__Problem requirements__.
Leave every image behind and restate the data word for word.

__Material provided__.
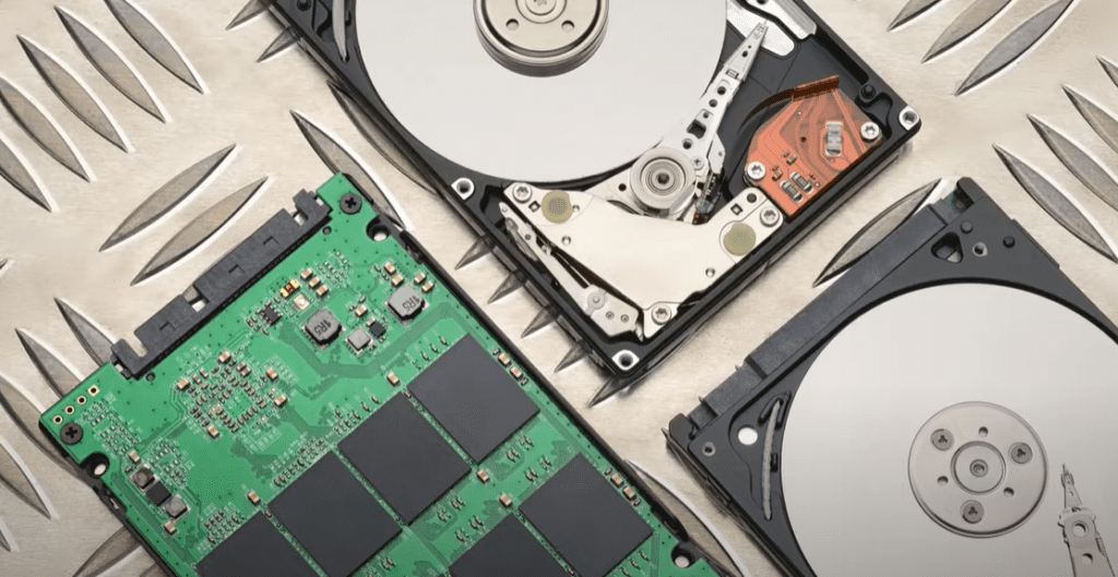 Hard Drive (HDD): A hard drive consists of multiple parts, including a printed circuit board (PCB), storage media, read/write heads, and an outer casing. Data is stored on the media, which the heads read and the logic board (PCB) converts into readable data for the user. Hard drives rely on moving mechanical components, making them susceptible to physical damage from drops or shocks.
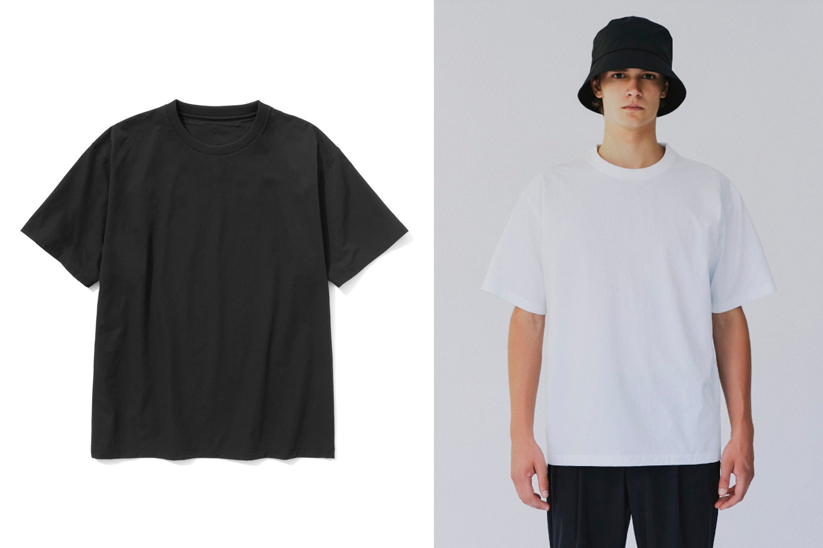 テックTシャツは袖口にフラットシーマ縫製を採用し、肌当たりの良さを追求。身幅にゆとりを持たせたリラックスシルエットながら、シャツイン時のバランスも計算されており、ジャケットのインナーとしても上品に着こなせます。
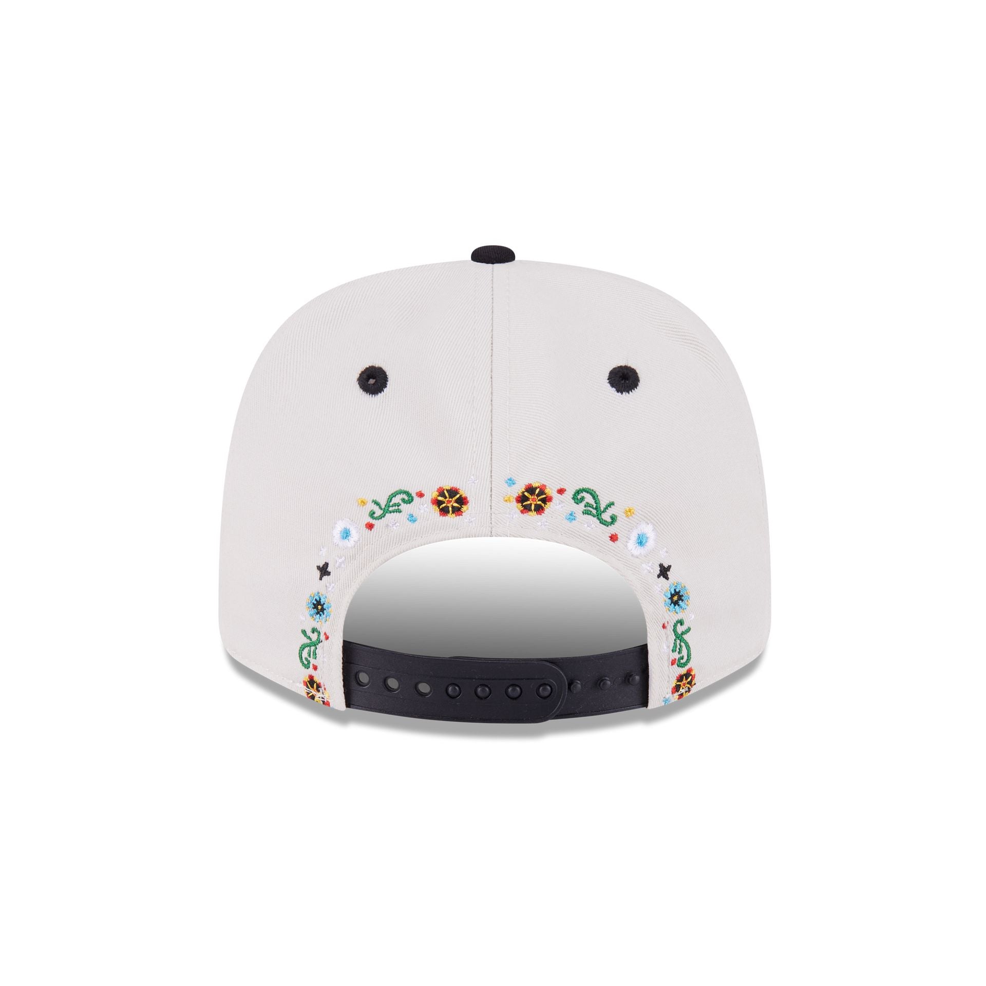 The MoneyGram Haas F1 Team 2025 Mexico City Race Special Esteban Ocon 9SEVENTY Stretch-Snap features an embroidered Haas F1 Team logo at the front panels with floral embroidery throughout the cap and a MoneyGram logo at the right-wear side. Additional details include the driver’s number at the visor and an adjustable stretch-snap closure at the rear and a gray undervisor.

__Written answer__.
 Hard Drive (HDD): A hard drive consists of multiple parts, including a printed circuit board (PCB), storage media, read/write heads, and an outer casing. Data is stored on the media, which the heads read and the logic board (PCB) converts into readable data for the user. Hard drives rely on moving mechanical components, making them susceptible to physical damage from drops or shocks.
 テックTシャツは袖口にフラットシーマ縫製を採用し、肌当たりの良さを追求。身幅にゆとりを持たせたリラックスシルエットながら、シャツイン時のバランスも計算されており、ジャケットのインナーとしても上品に着こなせます。
 The MoneyGram Haas F1 Team 2025 Mexico City Race Special Esteban Ocon 9SEVENTY Stretch-Snap features an embroidered Haas F1 Team logo at the front panels with floral embroidery throughout the cap and a MoneyGram logo at the right-wear side. Additional details include the driver’s number at the visor and an adjustable stretch-snap closure at the rear and a gray undervisor.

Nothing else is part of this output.